According to her, however, once a leader starts the ball rolling, “change” and “reform” can easily gather momentum.
“If you are passionate about quality and excellence, and you believe that this is the way your organization should be, you will eventually attract like-minded people, and let go of people whose visions are not aligned, and you will have a team that will change your system,” she says.
Indeed, the small college started by her father in 1964 has grown in size, becoming a full-fledged university in 1992. All told, some 44,000 students study in the various schools she runs, studying maritime courses, information technology, nursing and, more recently, engineering.
“We’re one of the biggest private universities in the country,” she states. “But I want quality, more than the numbers. We had to invest in facilities and in people.”
More recently, Gotianuy was also put in charge of St. Vincent General Hospital, an old 100-bed tertiary level hospital, which she wants to transform into one of Cebu’s premier medical facilities.
“Again, the situation is challenging, but we see this as something that can really help improve the community we’re in,” she explains.
Of course, it’s not all about work for Gotianuy, who is never far away from her other passion: horses.
Whenever her schedule permits, she goes to her riding school in Lahug called Whistlejacket Farms where she perfects her riding skills (she prefers the discipline of “dressage” over the more athletic “show jumping” field).
“It’s one luxury I indulge in,” she says. “Horses are very interesting and challenging. Each one has a different personality and temperament.”
According to her, riding also helps relieve the stress she accumulates from running her small school empire and can also be used to set the day’s “tone” on days that she rides early in the morning.
She also loves listening to music and is a big fan of the rock band U2 (“the best band in the world,” she says with conviction).
She even has all the DVDs of their major concerts, and tells of how she joined the group’s fan club just to be eligible for buy tickets to one of their concerts in New York ahead of everyone else.
She says she actually bought two tickets to that concert, a year in advance, in the event that which was scheduled a year later, just in case she would have already met the “man of her life” by then.
“Alas, I had to throw the tickets away,” she adds. “But that’s how I live. I can be impulsive, but I try to live, live to the fullest.”
So does she have time for love given her busy schedule?

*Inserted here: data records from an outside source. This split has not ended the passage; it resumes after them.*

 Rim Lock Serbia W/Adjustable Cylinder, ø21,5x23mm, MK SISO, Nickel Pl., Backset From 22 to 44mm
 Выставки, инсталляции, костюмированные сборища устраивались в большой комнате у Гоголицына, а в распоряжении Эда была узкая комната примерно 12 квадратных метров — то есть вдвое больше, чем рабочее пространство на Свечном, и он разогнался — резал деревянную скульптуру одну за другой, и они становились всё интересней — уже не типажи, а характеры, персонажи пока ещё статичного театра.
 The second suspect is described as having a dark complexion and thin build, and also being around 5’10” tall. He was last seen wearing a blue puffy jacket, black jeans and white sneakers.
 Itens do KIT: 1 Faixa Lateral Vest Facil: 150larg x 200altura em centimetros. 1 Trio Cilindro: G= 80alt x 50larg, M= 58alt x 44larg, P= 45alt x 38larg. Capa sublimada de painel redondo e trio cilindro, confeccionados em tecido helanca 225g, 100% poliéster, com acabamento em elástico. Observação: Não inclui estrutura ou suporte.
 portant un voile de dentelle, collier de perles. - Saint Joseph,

“For my horses? Always,” she replies with a laugh, but immediately adds, “When the right person comes, there will always be time.”
Asked about her proudest achievement so far, Gotianuy does not dwell on the financial success of the educational institution she runs, or the recognition it has received from its many stakeholders across society, or even the challenges she faces in the hospital she now manages.

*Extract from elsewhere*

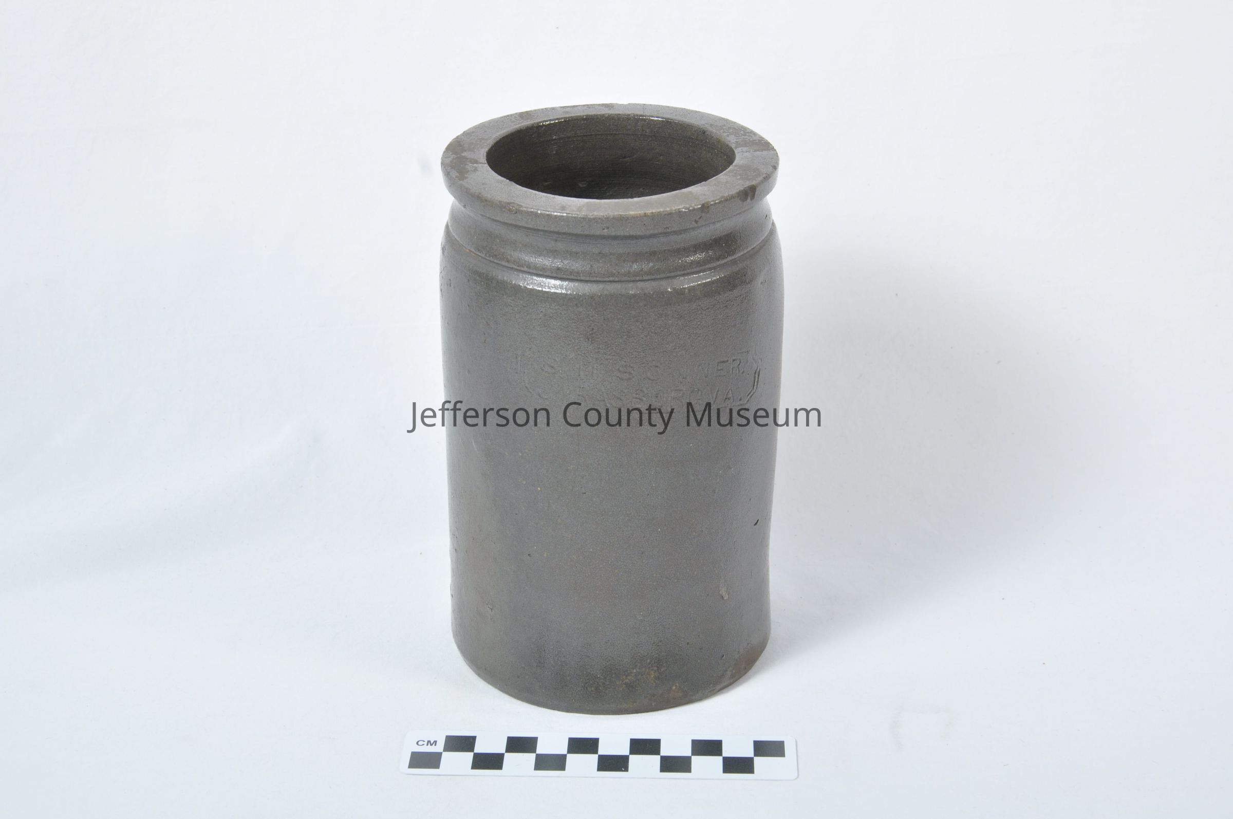 One quart stoneware jar marked "S. H. SONNER STRASBURG, VA." With note from TT Perry inside.Acquisition

Instead she shows scanned clippings of a front-page newspaper article about the 2008 sinking of the M/V Princess of the Stars off Romblon Island, where survivors of a shipping accident were interviewed about their ordeal and eventual survival.
Some of the passengers of the ill-fated vessel, it turned out, were off-duty seafarers who were able to keep their flimsy rubber lifeboats aright as well as fish more passengers out of the water amid the rough seas brought about by a raging storm.
According to one seaman interviewed, the raft would sometimes be on the verge of folding or capsizing because of the strong waves, but their training kicked in and they were able to keep it afloat.
“We were more organized because we knew what to do,” he says. As fate would have it, that particular seaman was educated and trained at the University of Cebu.
“That is one of my proudest moments,” Gotianuy says. “I feel we’re making a difference here.”